**WORK REQUEST:** Somewhere below is a line with "3、选品页面,有热门专区等分" and, later, a line with "Big views East"; repeat those two lines and all the lines between them, exactly as they are.

Stored data:
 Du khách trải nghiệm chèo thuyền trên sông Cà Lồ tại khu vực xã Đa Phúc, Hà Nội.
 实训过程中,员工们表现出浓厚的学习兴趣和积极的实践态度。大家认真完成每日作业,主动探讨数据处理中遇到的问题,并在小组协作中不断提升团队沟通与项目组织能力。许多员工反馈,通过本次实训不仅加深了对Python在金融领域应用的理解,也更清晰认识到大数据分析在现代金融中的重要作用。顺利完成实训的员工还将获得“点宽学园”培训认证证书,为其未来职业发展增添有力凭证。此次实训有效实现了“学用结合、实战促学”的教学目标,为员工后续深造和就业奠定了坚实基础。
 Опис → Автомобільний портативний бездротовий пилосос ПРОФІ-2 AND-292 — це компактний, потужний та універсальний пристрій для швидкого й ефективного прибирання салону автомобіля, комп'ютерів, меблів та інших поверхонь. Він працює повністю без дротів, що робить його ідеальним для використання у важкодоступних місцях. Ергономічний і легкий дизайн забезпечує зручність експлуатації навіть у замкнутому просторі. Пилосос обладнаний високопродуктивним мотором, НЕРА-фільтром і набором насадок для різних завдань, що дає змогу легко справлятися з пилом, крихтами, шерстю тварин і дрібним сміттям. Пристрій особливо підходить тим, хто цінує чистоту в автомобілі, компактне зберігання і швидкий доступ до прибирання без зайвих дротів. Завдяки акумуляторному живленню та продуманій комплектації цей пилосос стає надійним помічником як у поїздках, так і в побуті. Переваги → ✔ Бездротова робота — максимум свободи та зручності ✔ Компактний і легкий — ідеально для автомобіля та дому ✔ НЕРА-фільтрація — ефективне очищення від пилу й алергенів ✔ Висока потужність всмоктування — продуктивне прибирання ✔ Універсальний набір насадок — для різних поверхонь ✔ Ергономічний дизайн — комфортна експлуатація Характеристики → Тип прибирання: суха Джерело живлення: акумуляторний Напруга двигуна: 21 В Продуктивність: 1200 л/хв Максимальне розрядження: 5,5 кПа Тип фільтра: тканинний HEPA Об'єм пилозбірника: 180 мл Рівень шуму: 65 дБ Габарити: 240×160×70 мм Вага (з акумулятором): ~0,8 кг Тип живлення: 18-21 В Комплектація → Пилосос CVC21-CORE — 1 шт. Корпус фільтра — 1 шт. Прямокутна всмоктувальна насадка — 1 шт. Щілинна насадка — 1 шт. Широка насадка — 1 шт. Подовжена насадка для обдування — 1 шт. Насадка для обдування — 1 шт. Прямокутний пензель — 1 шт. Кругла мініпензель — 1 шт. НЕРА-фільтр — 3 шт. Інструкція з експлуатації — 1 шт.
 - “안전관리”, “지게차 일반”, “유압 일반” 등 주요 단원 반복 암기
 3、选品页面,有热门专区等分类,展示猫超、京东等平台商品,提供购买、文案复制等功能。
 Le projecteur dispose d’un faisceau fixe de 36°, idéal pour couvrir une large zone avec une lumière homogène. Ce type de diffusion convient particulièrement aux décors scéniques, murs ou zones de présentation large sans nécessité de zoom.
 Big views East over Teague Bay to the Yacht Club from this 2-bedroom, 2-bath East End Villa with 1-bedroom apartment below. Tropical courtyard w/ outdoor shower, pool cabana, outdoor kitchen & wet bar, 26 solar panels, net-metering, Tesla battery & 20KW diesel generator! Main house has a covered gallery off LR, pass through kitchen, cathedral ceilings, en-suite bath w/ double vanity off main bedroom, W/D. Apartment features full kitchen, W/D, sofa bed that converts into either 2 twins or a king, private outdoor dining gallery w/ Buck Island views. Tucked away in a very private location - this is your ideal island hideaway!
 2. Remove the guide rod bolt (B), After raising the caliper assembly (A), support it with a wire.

**RESULT:**
 3、选品页面,有热门专区等分类,展示猫超、京东等平台商品,提供购买、文案复制等功能。
 Le projecteur dispose d’un faisceau fixe de 36°, idéal pour couvrir une large zone avec une lumière homogène. Ce type de diffusion convient particulièrement aux décors scéniques, murs ou zones de présentation large sans nécessité de zoom.
 Big views East over Teague Bay to the Yacht Club from this 2-bedroom, 2-bath East End Villa with 1-bedroom apartment below. Tropical courtyard w/ outdoor shower, pool cabana, outdoor kitchen & wet bar, 26 solar panels, net-metering, Tesla battery & 20KW diesel generator! Main house has a covered gallery off LR, pass through kitchen, cathedral ceilings, en-suite bath w/ double vanity off main bedroom, W/D. Apartment features full kitchen, W/D, sofa bed that converts into either 2 twins or a king, private outdoor dining gallery w/ Buck Island views. Tucked away in a very private location - this is your ideal island hideaway!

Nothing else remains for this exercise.